WORK INSTRUCTION: Return all lines of the records that contain the word "Quizizz".

═════ MATERIAL TO PROCESS

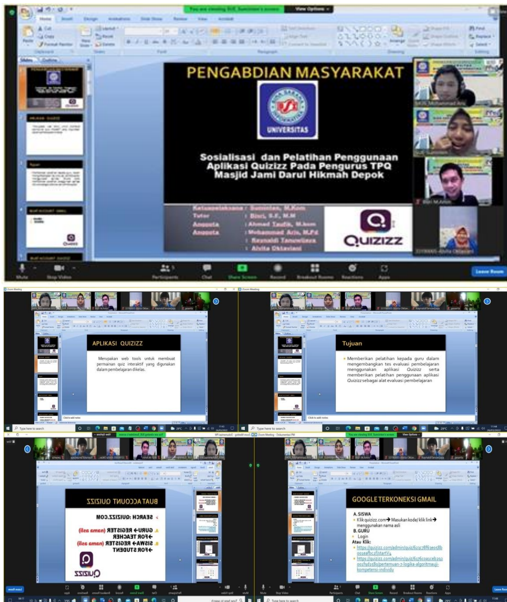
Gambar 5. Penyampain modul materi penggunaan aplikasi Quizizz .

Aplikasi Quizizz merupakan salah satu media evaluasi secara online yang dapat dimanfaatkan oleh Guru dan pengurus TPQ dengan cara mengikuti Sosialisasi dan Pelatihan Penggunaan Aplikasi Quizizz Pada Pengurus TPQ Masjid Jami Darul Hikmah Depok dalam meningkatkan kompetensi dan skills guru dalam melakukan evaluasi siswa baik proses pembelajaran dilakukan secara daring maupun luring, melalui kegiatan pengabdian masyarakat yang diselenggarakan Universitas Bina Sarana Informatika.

══════════
═════ MATERIAL TO PROCESS

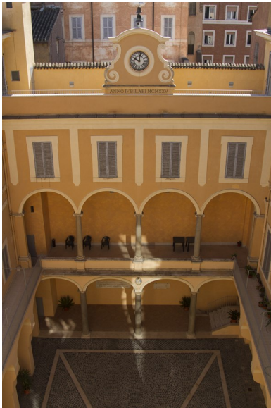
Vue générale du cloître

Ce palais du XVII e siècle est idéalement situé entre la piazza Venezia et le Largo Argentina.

══════════

EXPECTED ANSWER:
Gambar 5. Penyampain modul materi penggunaan aplikasi Quizizz .
Aplikasi Quizizz merupakan salah satu media evaluasi secara online yang dapat dimanfaatkan oleh Guru dan pengurus TPQ dengan cara mengikuti Sosialisasi dan Pelatihan Penggunaan Aplikasi Quizizz Pada Pengurus TPQ Masjid Jami Darul Hikmah Depok dalam meningkatkan kompetensi dan skills guru dalam melakukan evaluasi siswa baik proses pembelajaran dilakukan secara daring maupun luring, melalui kegiatan pengabdian masyarakat yang diselenggarakan Universitas Bina Sarana Informatika.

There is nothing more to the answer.